Question: The value of \(\sin {10^ \circ } + \sin {20^ \circ } + \sin {30^ \circ } + .... + \sin {360^ \circ }...

Question

The value of $\sin {10^ \circ } + \sin {20^ \circ } + \sin {30^ \circ } + .... + \sin {360^ \circ }$ is equal to:
A. 0
B. 1
C. $\sqrt 3$
D. 2

Answer 1

Solution

Hint : The trigonometrical ratios of an angle are numerical quantities. Each one of them represents the ratio of the length of one side to another of a right angled triangle. An angle made up of the algebraic sum of two or more angles is called a compound angle.

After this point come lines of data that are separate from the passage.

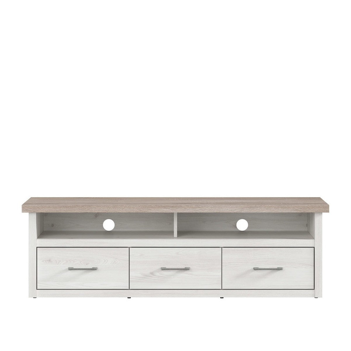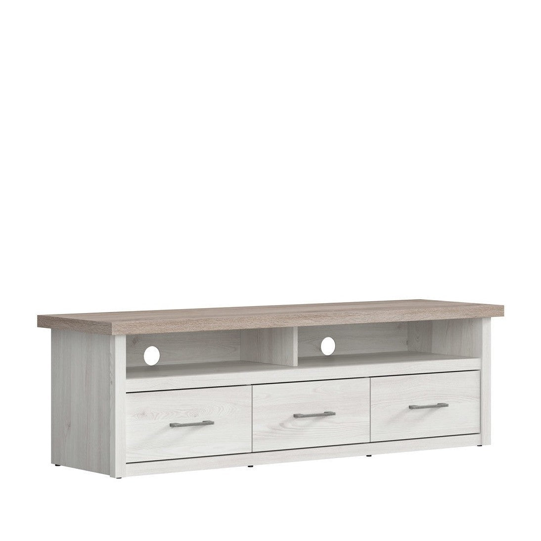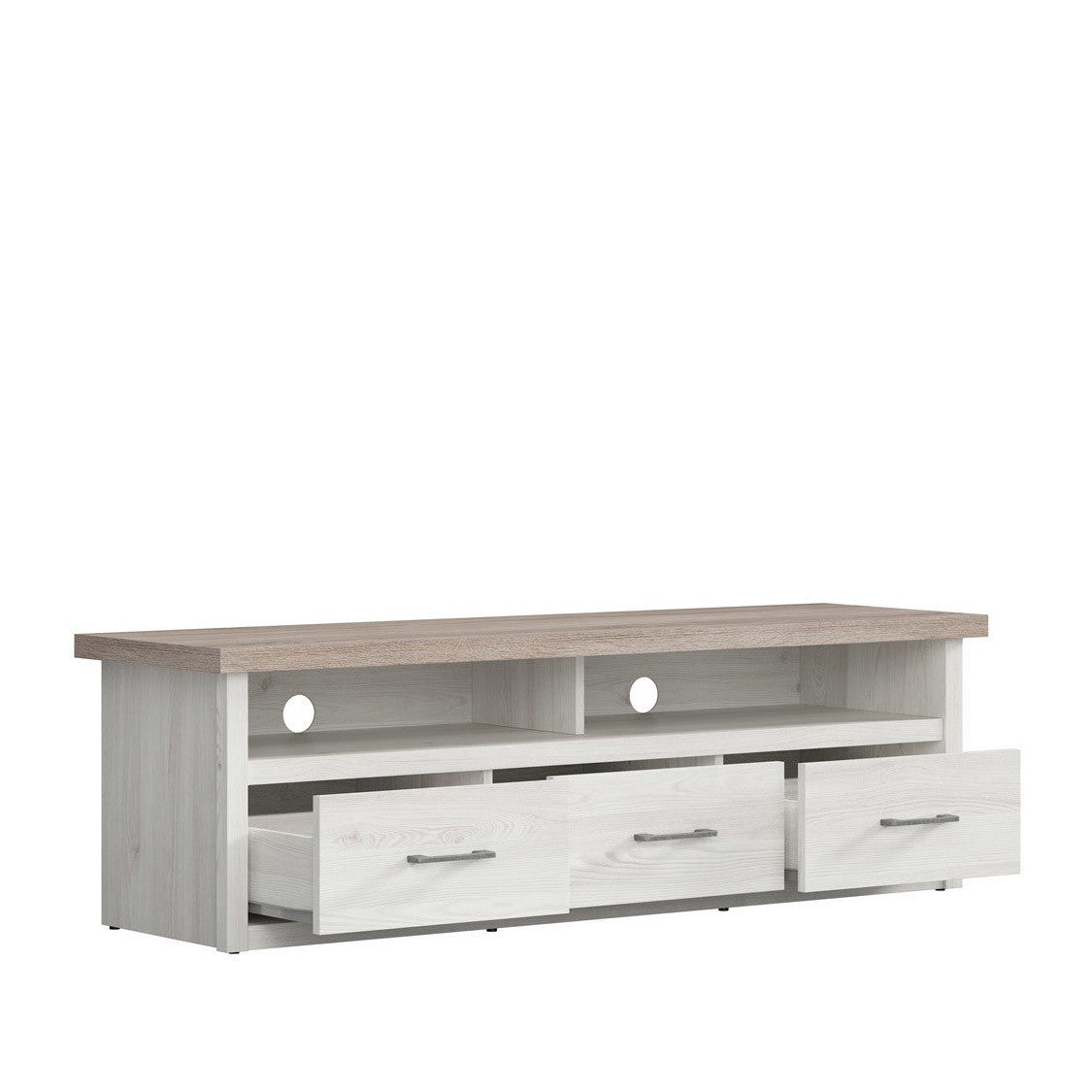 Szafka RTV Luca Juzi to doskonały element Twojego salonu. Długi blat umożliwia ustawienie telewizora, a dwie półki pomieszczą pozostały sprzęt RTV. Trzy kompaktowe szuflady pozwalają na przechowywanie płyt CD, DVD oraz drobiazgów. Dzięki dwóm otworom wentylacyjnym sprzęt elektroniczny będzie miał odpowiednią cyrkulację powietrza, a kable zostaną estetycznie ukryte.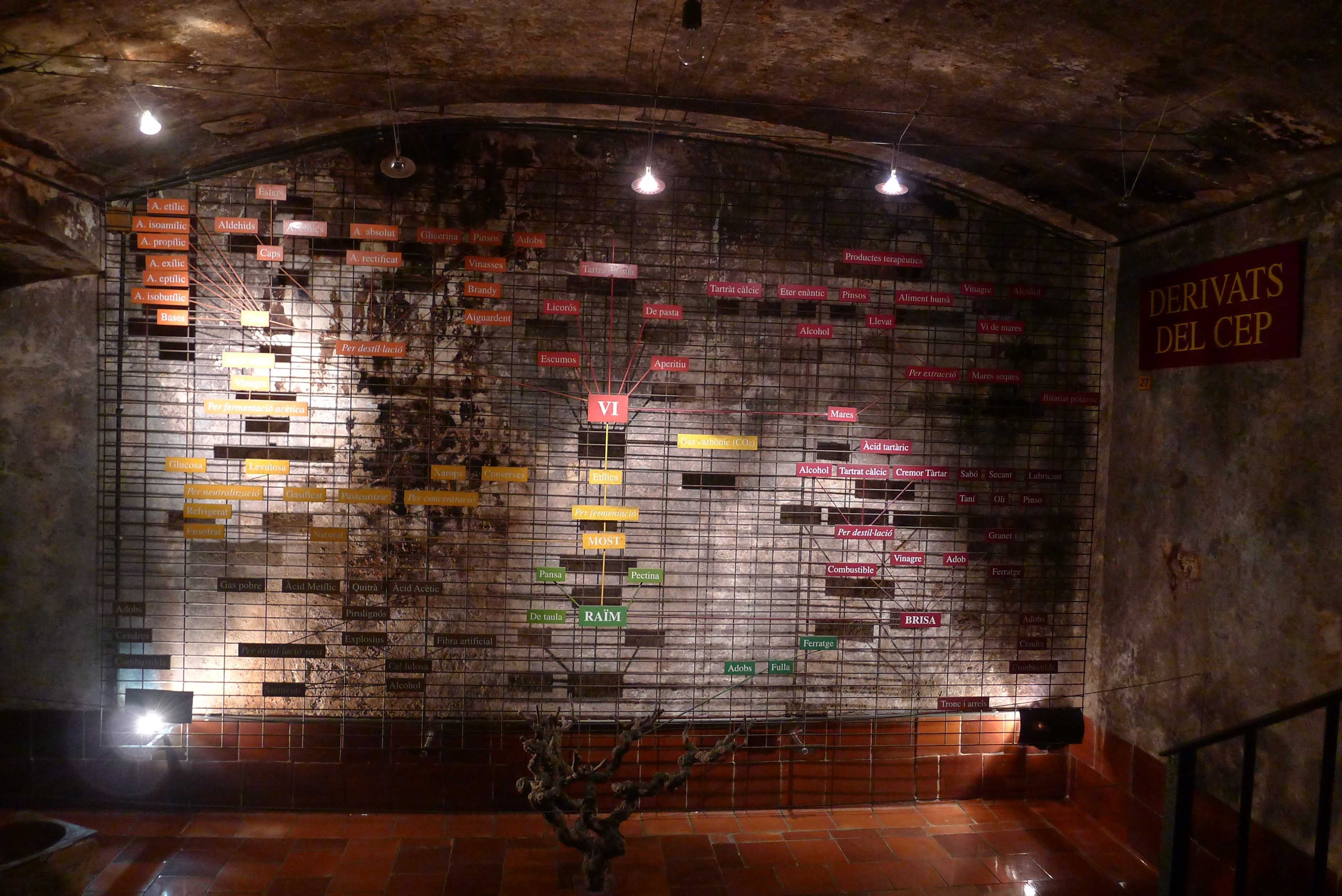 La mostra explica, també, des d’on ve el cultiu de la vinya i la cultura del vi i ensenya com s’elabora el vi. Un gran plafó ens permet saber d’on venen tots els derivats del raïm, des del most a l’esperit de vi, passant pels diferents i més variats licors.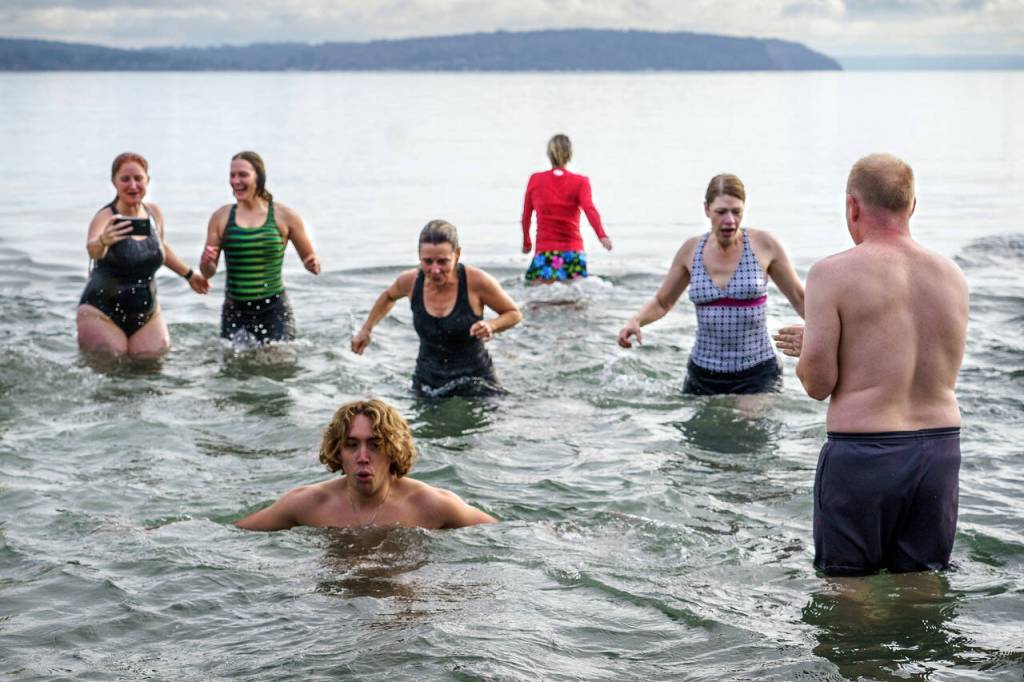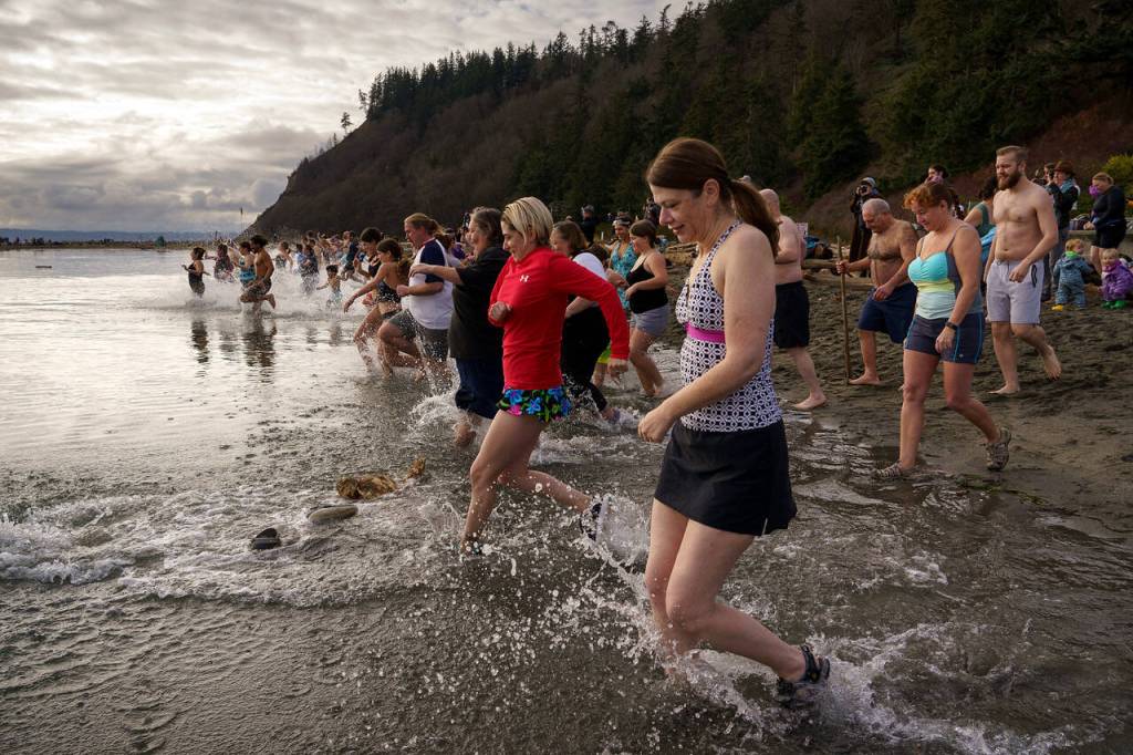 People of all ages rang in the new year by taking an icy dip in the waters of Double Bluff Beach in Freeland on New Year’s Day.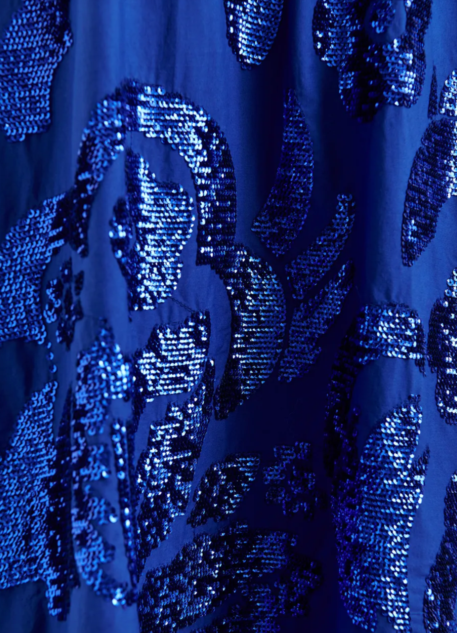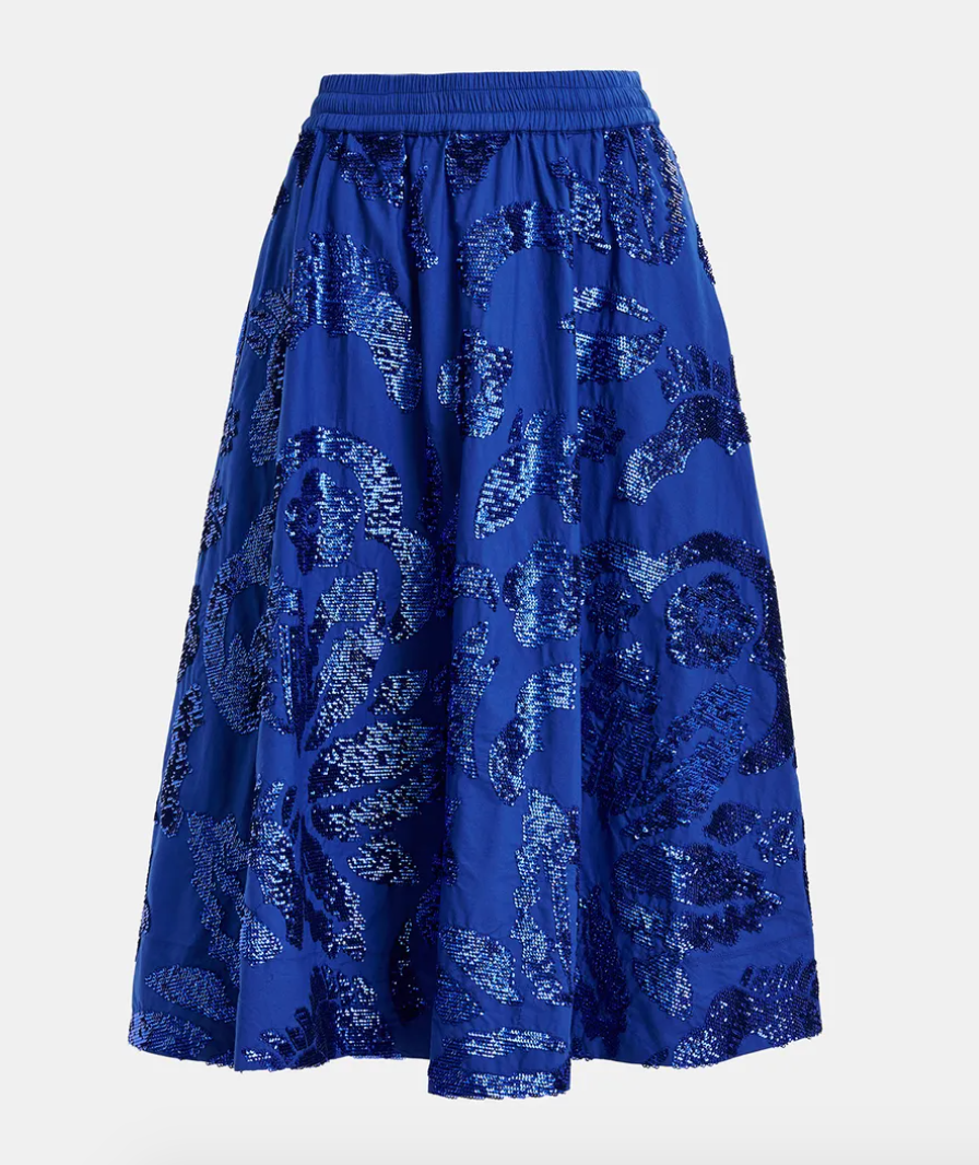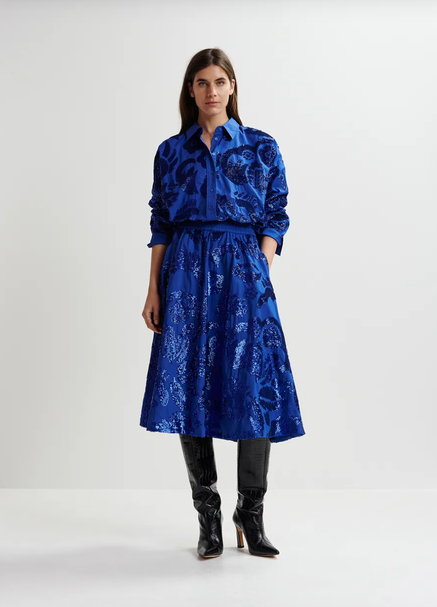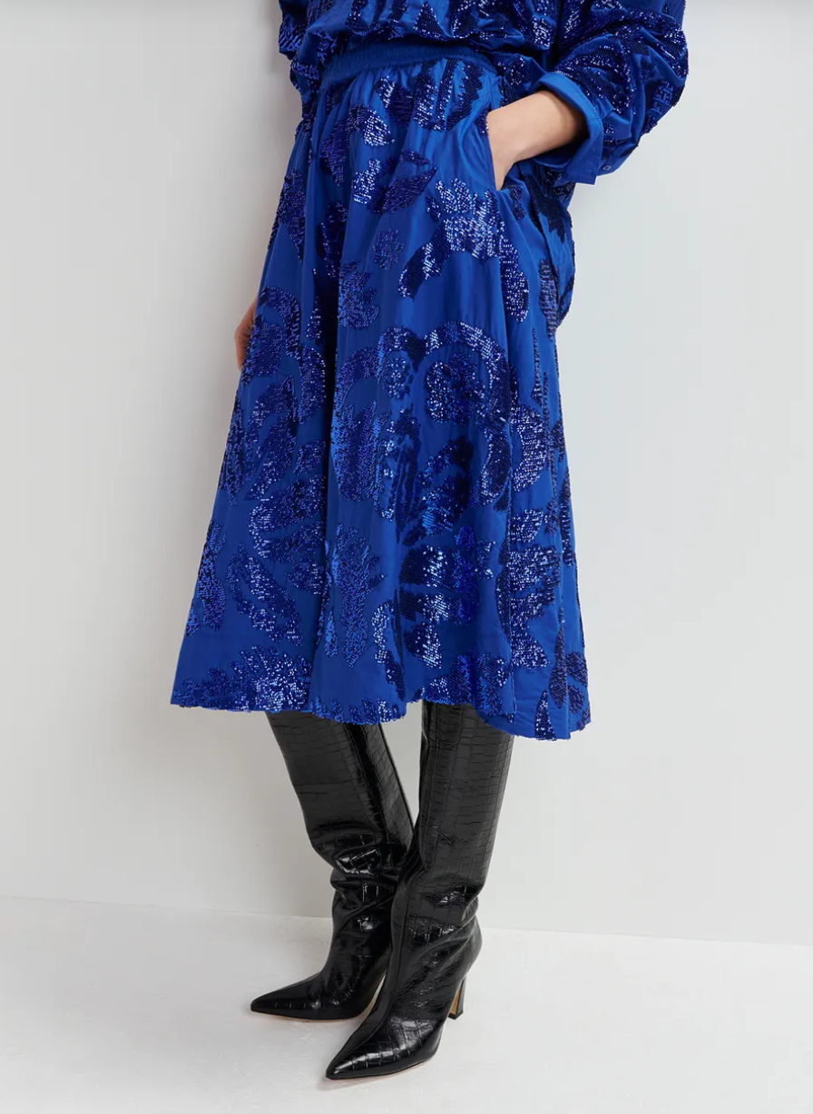 Make every step sparkle with the Essentiel Antwerp Gatsby skirt in vibrant cobalt blue! Covered in playful sequins that catch the light with every move, this skirt adds a fun, flirty twist to your outfit. Perfect for dancing the night away or turning heads at your next event, it brings energy and shine to your wardrobe with a lively, unforgettable flair.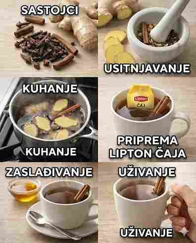 U šolju vruće vode doda se vrećica crnog čaja, nekoliko karanfilića, par kolutića svježeg đumbira i mali komad cimeta. Nakon 5–10 minuta, čaj je spreman. Po želji se može dodati malo meda ili limuna.

Complete step-by-step answer :
The series of sine angles extend up to 360° and the other angles can be written with respect to 360° that is in the form of 360°, therefore writing the above question in the form,
$\Rightarrow \sin ({360^ \circ } - {350^ \circ }) + \sin ({360^ \circ } - {340^ \circ }) + \sin ({360^ \circ } - {330^ \circ }) + ......\sin ({360^ \circ } - {190^ \circ }) + \sin ({360^ \circ } - {180^ \circ }).. + \sin {360^ \circ }$
where 360° can be written as 2π and we know that sin2π=0 and the compound angle in sine can be written as :
$\Rightarrow \sin (A - B) = \sin A\cos B - \cos A\sin B \\\ \therefore \sin 2\pi = 0,\cos 2\pi = 1 \;$
Therefore sin (360°-350°) can be written as:
$\Rightarrow \sin (2\pi - {350^ \circ }) = \sin 2\pi \times \cos {350^ \circ } - \cos 2\pi \times \sin {350^ \circ } \\\ \Rightarrow 0 + \sin {350^ \circ } = \sin {350^ \circ } \;$
Similarly all the terms in compound angle of sine can be written as (–sinB). Therefore we can write the above expression as :
$\Rightarrow - \sin ({350^ \circ }) - \sin ({340^ \circ }) - \sin ({330^ \circ }) - ...... - \sin ({190^ \circ }) + \sin ({180^ \circ }).. + \sin {340^ \circ } + \sin {350^ \circ } + \sin {360^ \circ }$
Therefore we can observe the terms similar in magnitude but opposite in sign that is why they will cancel each other. Hence all the terms will cancel each other except the middle term and the last term as they have no term opposite to it and are similar in magnitude. The left terms are both positive:
$\Rightarrow \sin {180^ \circ } + \sin {360^ \circ } \\\ \Rightarrow \sin \pi + \sin 2\pi \\\ \therefore \sin \pi = 0,\sin 2\pi = 0 \\\ \Rightarrow 0 + 0 = 0 \;$
Therefore from the above we can conclude that the correct option is A.
So, the correct answer is “Option A”.

Note : We conclude that
Sin(360°+θ)= sinθ
Sin(360°-θ)= -sinθ
Also sine of the general angle of the form $n\pi + {\left( { - 1} \right)^n}\theta$ will have the same sine as that of angle θ and so on.